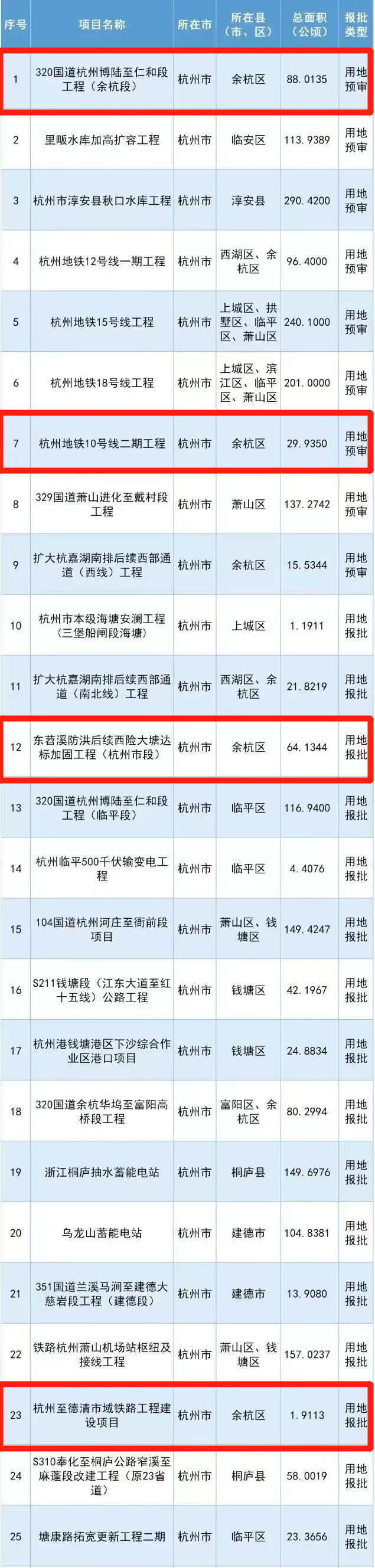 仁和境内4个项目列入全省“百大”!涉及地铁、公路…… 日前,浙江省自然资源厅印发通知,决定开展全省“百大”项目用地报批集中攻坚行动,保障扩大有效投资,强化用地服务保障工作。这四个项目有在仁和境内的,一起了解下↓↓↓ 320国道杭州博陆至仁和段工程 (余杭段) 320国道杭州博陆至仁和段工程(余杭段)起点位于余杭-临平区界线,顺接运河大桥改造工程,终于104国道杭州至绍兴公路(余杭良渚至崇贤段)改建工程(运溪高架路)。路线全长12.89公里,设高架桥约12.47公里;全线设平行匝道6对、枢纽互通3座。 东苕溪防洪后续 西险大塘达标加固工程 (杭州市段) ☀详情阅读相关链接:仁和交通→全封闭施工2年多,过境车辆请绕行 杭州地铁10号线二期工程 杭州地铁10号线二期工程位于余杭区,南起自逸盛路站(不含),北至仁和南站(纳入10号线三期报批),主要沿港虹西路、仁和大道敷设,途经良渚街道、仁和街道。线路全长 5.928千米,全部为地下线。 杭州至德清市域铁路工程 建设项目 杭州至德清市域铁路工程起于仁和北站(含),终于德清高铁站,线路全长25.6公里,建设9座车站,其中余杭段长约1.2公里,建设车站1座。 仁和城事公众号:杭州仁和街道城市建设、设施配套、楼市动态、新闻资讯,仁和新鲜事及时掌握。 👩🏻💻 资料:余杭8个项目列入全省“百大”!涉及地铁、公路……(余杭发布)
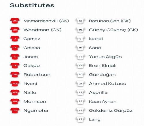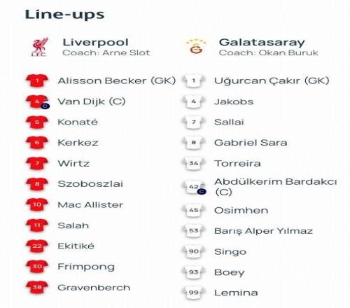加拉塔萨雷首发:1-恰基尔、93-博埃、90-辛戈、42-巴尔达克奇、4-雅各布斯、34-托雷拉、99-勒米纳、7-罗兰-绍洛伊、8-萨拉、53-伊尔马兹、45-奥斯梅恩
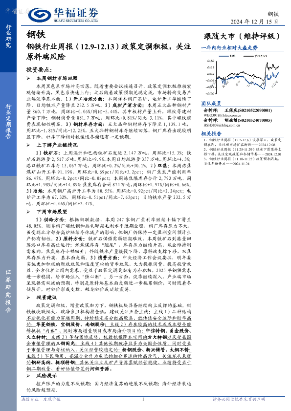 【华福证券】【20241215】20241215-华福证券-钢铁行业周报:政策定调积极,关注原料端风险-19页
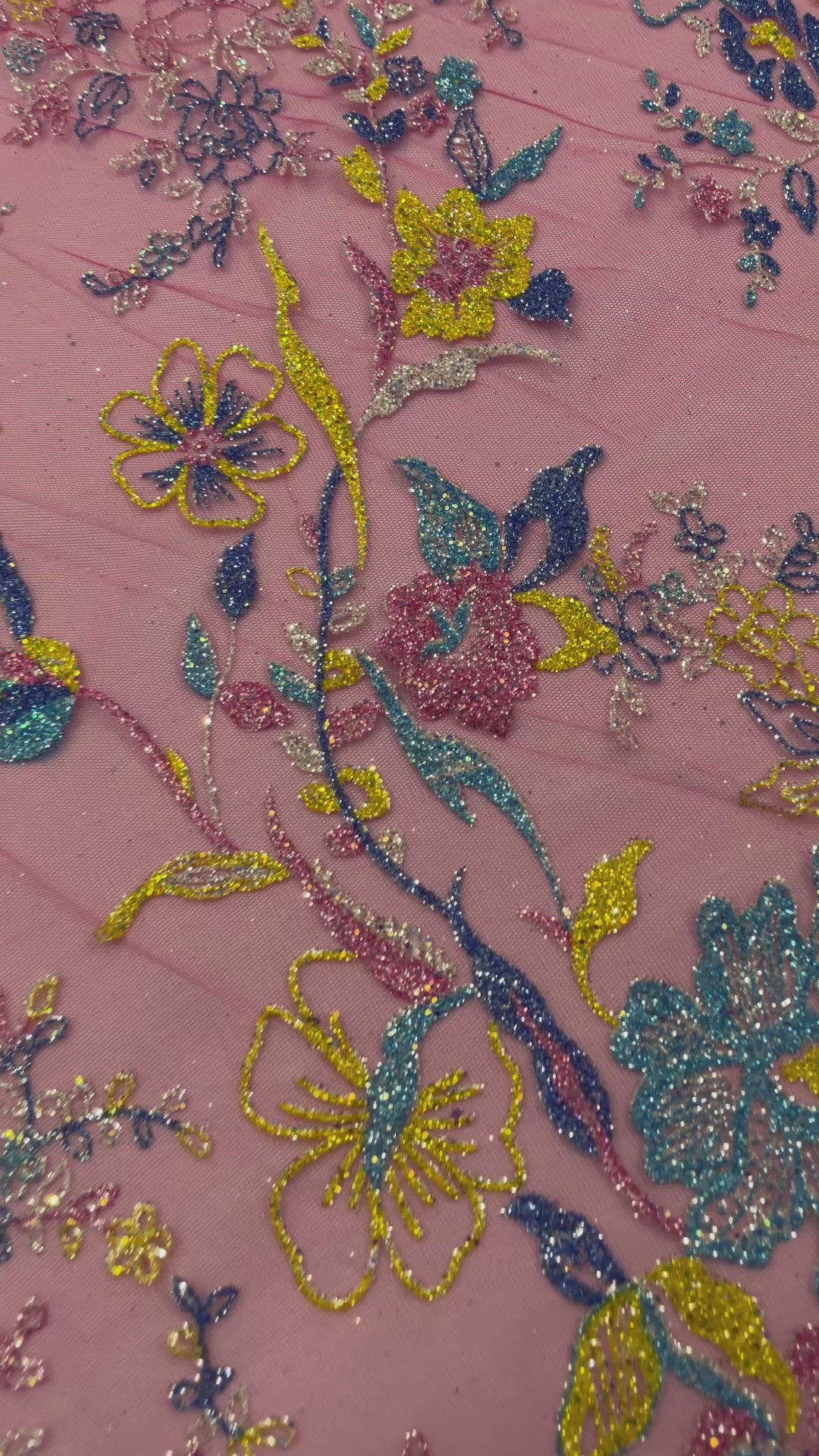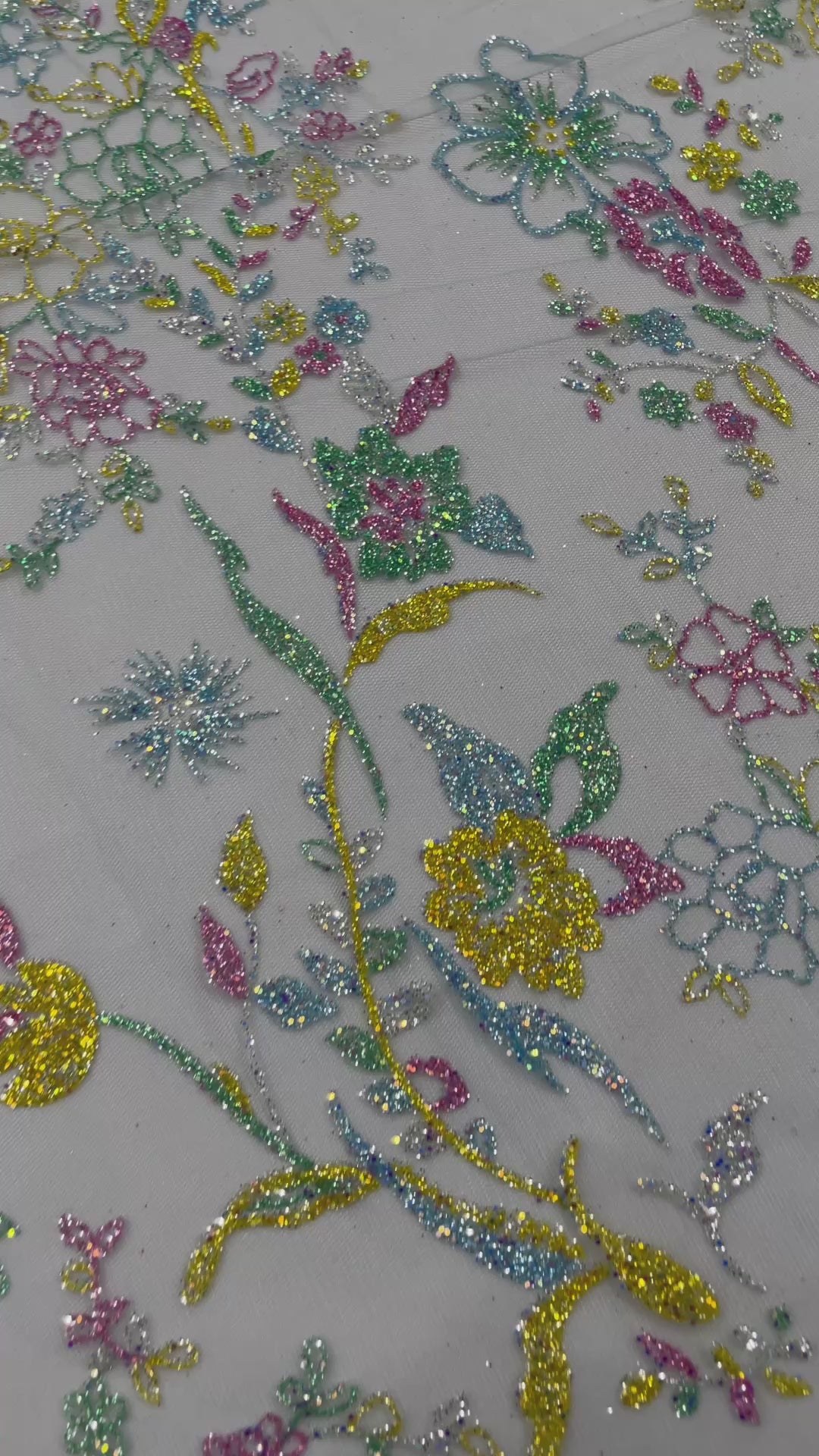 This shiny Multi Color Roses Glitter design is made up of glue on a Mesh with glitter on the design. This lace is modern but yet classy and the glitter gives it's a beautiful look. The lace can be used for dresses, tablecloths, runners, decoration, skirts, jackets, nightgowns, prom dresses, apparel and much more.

--- --- ---

▶ **TASK INSTRUCTIONS**
Please retype the listing exactly, leaving out any images.

▶ **ANSWER BOX**
 仁和境内4个项目列入全省“百大”!涉及地铁、公路…… 日前,浙江省自然资源厅印发通知,决定开展全省“百大”项目用地报批集中攻坚行动,保障扩大有效投资,强化用地服务保障工作。这四个项目有在仁和境内的,一起了解下↓↓↓ 320国道杭州博陆至仁和段工程 (余杭段) 320国道杭州博陆至仁和段工程(余杭段)起点位于余杭-临平区界线,顺接运河大桥改造工程,终于104国道杭州至绍兴公路(余杭良渚至崇贤段)改建工程(运溪高架路)。路线全长12.89公里,设高架桥约12.47公里;全线设平行匝道6对、枢纽互通3座。 东苕溪防洪后续 西险大塘达标加固工程 (杭州市段) ☀详情阅读相关链接:仁和交通→全封闭施工2年多,过境车辆请绕行 杭州地铁10号线二期工程 杭州地铁10号线二期工程位于余杭区,南起自逸盛路站(不含),北至仁和南站(纳入10号线三期报批),主要沿港虹西路、仁和大道敷设,途经良渚街道、仁和街道。线路全长 5.928千米,全部为地下线。 杭州至德清市域铁路工程 建设项目 杭州至德清市域铁路工程起于仁和北站(含),终于德清高铁站,线路全长25.6公里,建设9座车站,其中余杭段长约1.2公里,建设车站1座。 仁和城事公众号:杭州仁和街道城市建设、设施配套、楼市动态、新闻资讯,仁和新鲜事及时掌握。 👩🏻💻 资料:余杭8个项目列入全省“百大”!涉及地铁、公路……(余杭发布)
加拉塔萨雷首发:1-恰基尔、93-博埃、90-辛戈、42-巴尔达克奇、4-雅各布斯、34-托雷拉、99-勒米纳、7-罗兰-绍洛伊、8-萨拉、53-伊尔马兹、45-奥斯梅恩
 【华福证券】【20241215】20241215-华福证券-钢铁行业周报:政策定调积极,关注原料端风险-19页
 This shiny Multi Color Roses Glitter design is made up of glue on a Mesh with glitter on the design. This lace is modern but yet classy and the glitter gives it's a beautiful look. The lace can be used for dresses, tablecloths, runners, decoration, skirts, jackets, nightgowns, prom dresses, apparel and much more.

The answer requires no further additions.